My mom hated when I got bad grades. I often did poorly due to incomplete homework. I did extremely well on an I.Q. test in 2nd grade, which my parents insisted I take so that the school wouldn’t make me repeat 2nd grade. I believe that my incompleted homework and frustrated teachers were a result of my boredom with the material. I did really well, when I did the homework. My parents found this frustrating. One time, when I was about 13 or 14, I got a bad progress report and my mom was lecturing me while washing dishes. I sat on a stool in the kitchen. We were the only ones in the house, so as the lecture went on, she got increasingly angry. Dishes were clanging more and more loudly, and her voice changed from stern to angry, to yelling, to shrieking. I was worried that she might break a dish and then blame me because I made her so irate.
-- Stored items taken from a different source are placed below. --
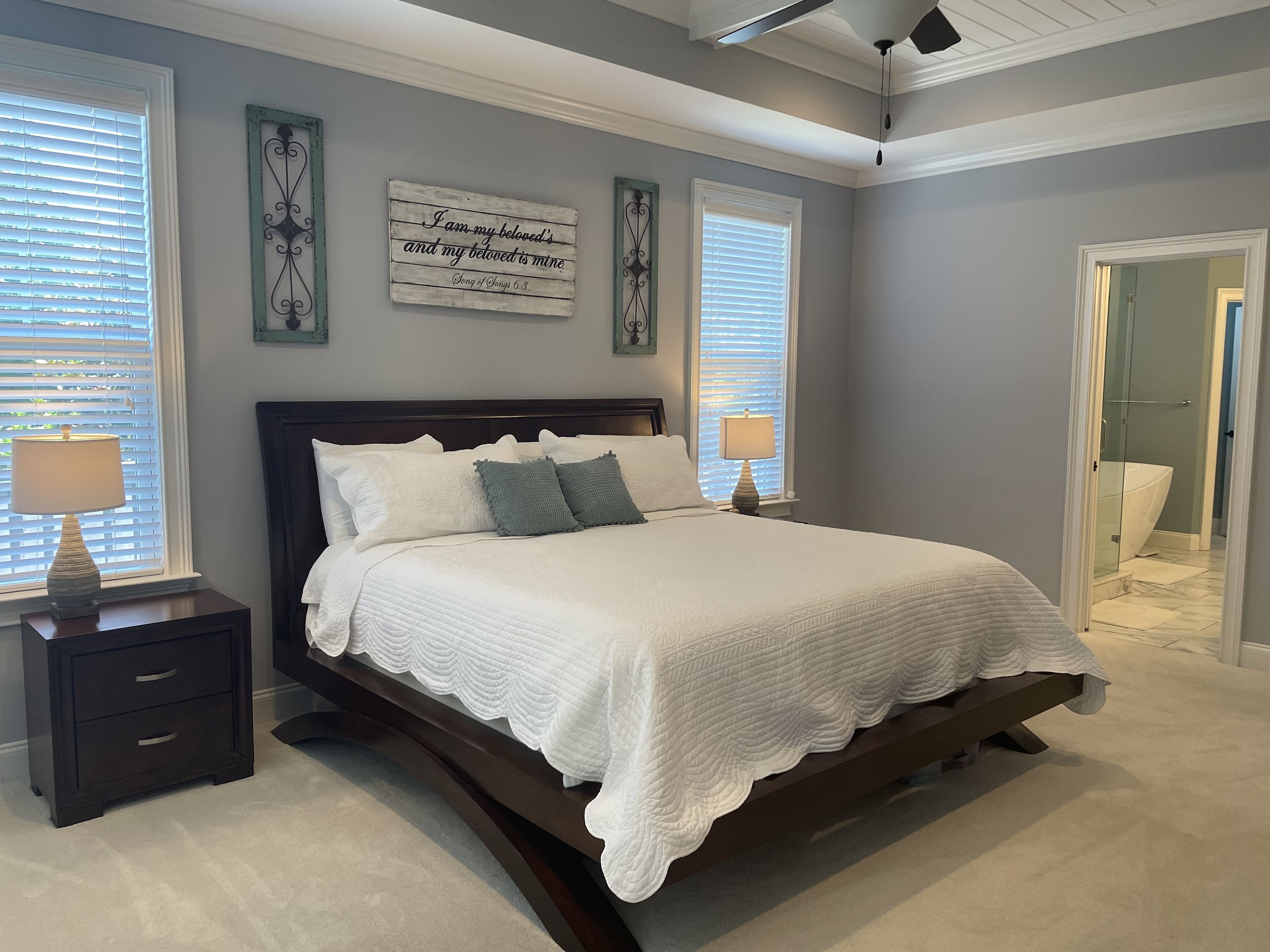 Perfect Masters Golf Rental Home - 12 miles from the Augusta National Beautiful 5 bedroom 3.5 bath home in North Augusta South Carolina is your perfect stop during Masters week. The home is just 8.2 miles from the Augusta National, situated in a quiet neighborhood just across the river. Plenty of room to entertain in this 3400 sq foot home with an open floor plan. The kitchen features a large island, large fridge and freezer, gas range with gas griddle, and outdoor kitchen. You and your guests are sure to feel at home. The master suite downstairs features a full bathroom with stand up shower, large soaking tub, and dual vanities. Upstairs you’ll find 4 more bedrooms and 2 full bathrooms with queen size beds in every room. The large backyard includes a fire pit and is perfect for entertaining. Our rental includes housekeeping services daily, so you can focus on enjoying all Augusta has to offer.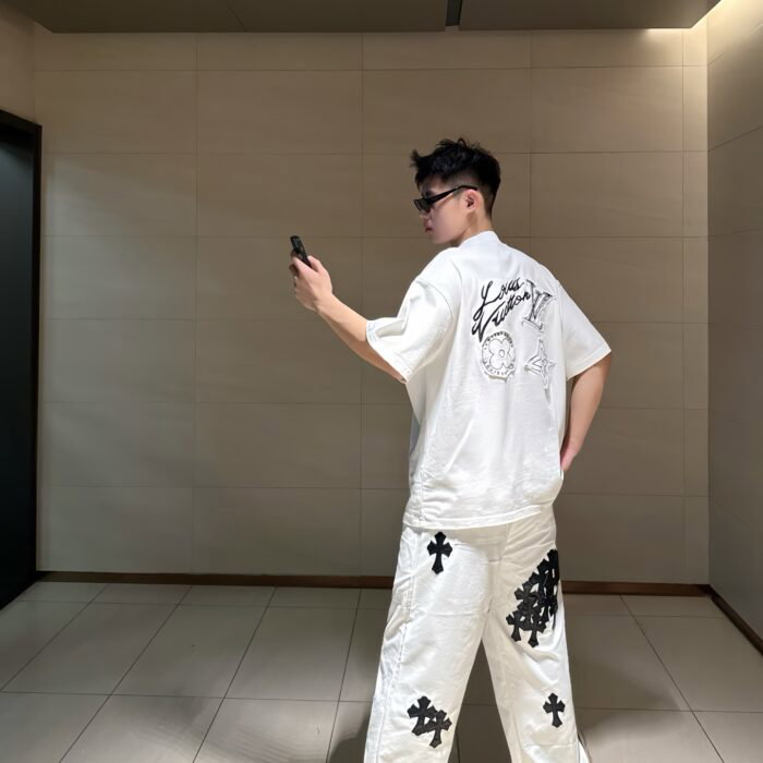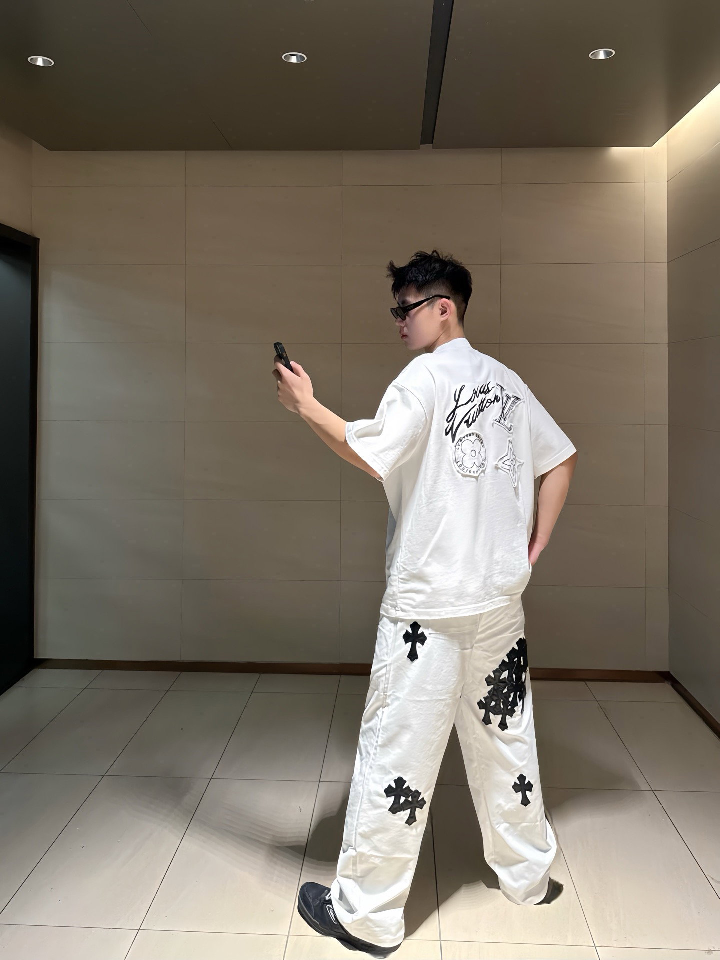 Louis Vuitton patch Embroidery pattern loose Round neck T-shirt White ルイ ヴィトン アップリケ 刺繍 パターン ゆったり クルーネック Tシャツ ホワイト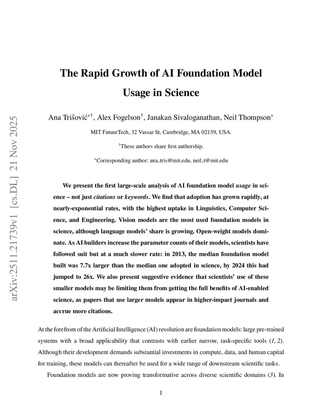 The Rapid Growth of AI Foundation Model Usage in Science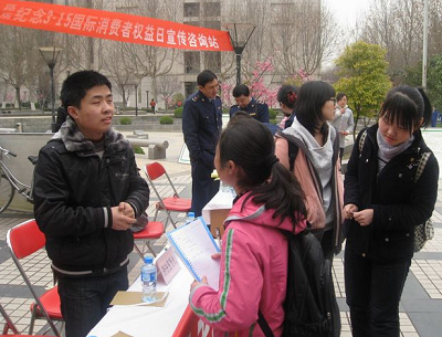 为更好地增强校园师生的维权意识,完善法律实践服务体系,3月15日中午,我院研究生团工委、院研究生会及法律爱好者协会联合校工会在校康桥苑西广场共同举办了“3.15西安交大消费者维权咨询活动”。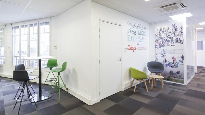 空氣環(huán)保公司辦公室交流區(qū)設計:此處空間本身是不規(guī)則的,所以無法將其改造成使用空間,但是設計師也不忍將其荒廢,估計利用軟裝的便捷與其進行搭配,目的就是希望打造一個隨時可以交流的空間。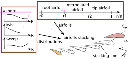 In propeller optimization with a fixed radius and number of blades, the remaining geometry features consist of chords, twists, and airfoils along the stacking line. A common choice of geometric parameters consists of chord and twist distributions along the radius. Sweep and thickness are often added to allow additional design freedom. 15-variable spline-based parametrization (five parameters for the chord, twist and sweep distributions each) was successfully used in aeroacoustic optimization [10]. In [17], the parametric model of the blade was built using variable: chord, twist, sweep and dihedral at three radial locations along the blade. While the shape of airfoils is typically less influential in terms of aerodynamic performance than the platform parameters, it can be optimized either in a single process, or in a separate step—after completing the platform design [7]. The latter process reduces the dimensionality of the optimization problem.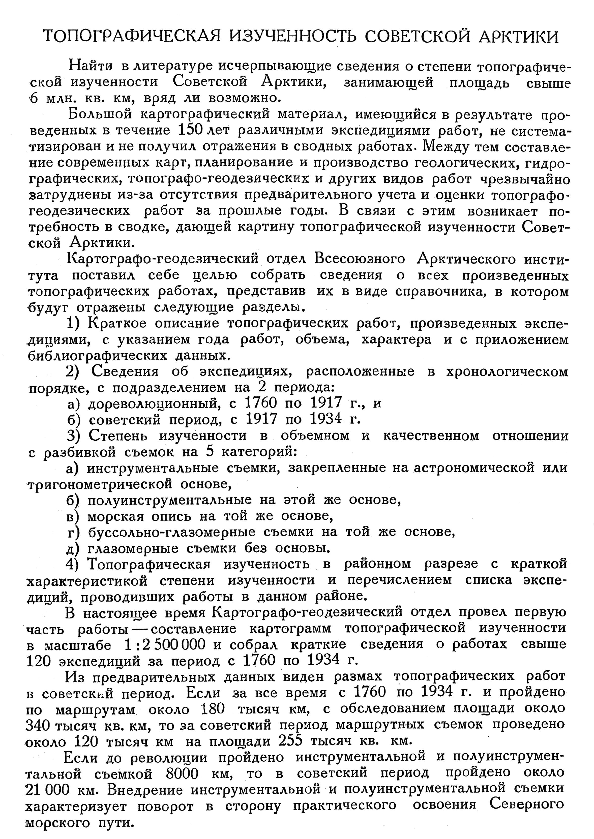 1) создание для Советского сектора Арктики надежной обзорной карты сравнительно крупного масштаба (1: 500 000—1 000 000), обеспечивающей общие запросы народного хозяйства и научно-исследовательского дела, и 2) создание ряда крупномасштабных карт для отдельных районов, имеющих актуальное народнохозяйственное значение. 1933—1934 гг.{1} прошли под знаком выполнения этих заданий.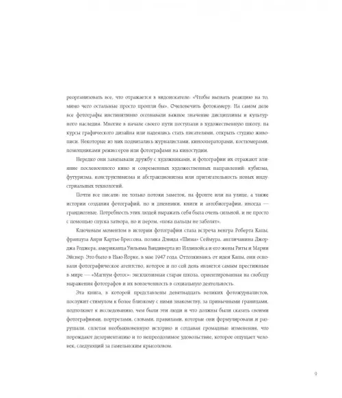 Кто-то из них говорил, что рожден фотографом, другие же выбирали этот путь позже. Они могут быть бесстрашными или эксцентричными, веселыми или грубыми, идеалистами. Но объединяет их одно: все они охвачены глубокой, непреходящей страстью к своей профессии. И они — ?величайшие фотографы своего времени. Фотография для них — ?это вся жизнь, ?а иногда и смерть.

She ran over, grabbed my shoulders and violently shook me forward and back, screaming, “Why don’t you do your work?!” All I could manage to stammer out was, “Okay…I’ll…t…try harder.” I felt like a criminal, worthless and ashamed. A couple of years ago, I told that story to my sister and she just kind of laughed. I don’t think she understood the magnitude of the event and how it torments me to this day. Mom’s voice, that day, I remember it like it was yesterday. It is like the screaming of the lambs.

I loathe anger. It is the plague of our species. I avoid getting angry at all costs, because I believe it is very destructive to everyone who experiences or even witnesses it.

Sometimes, I get random, unprovoked feelings of dread/terror and I think these events may be a part of it.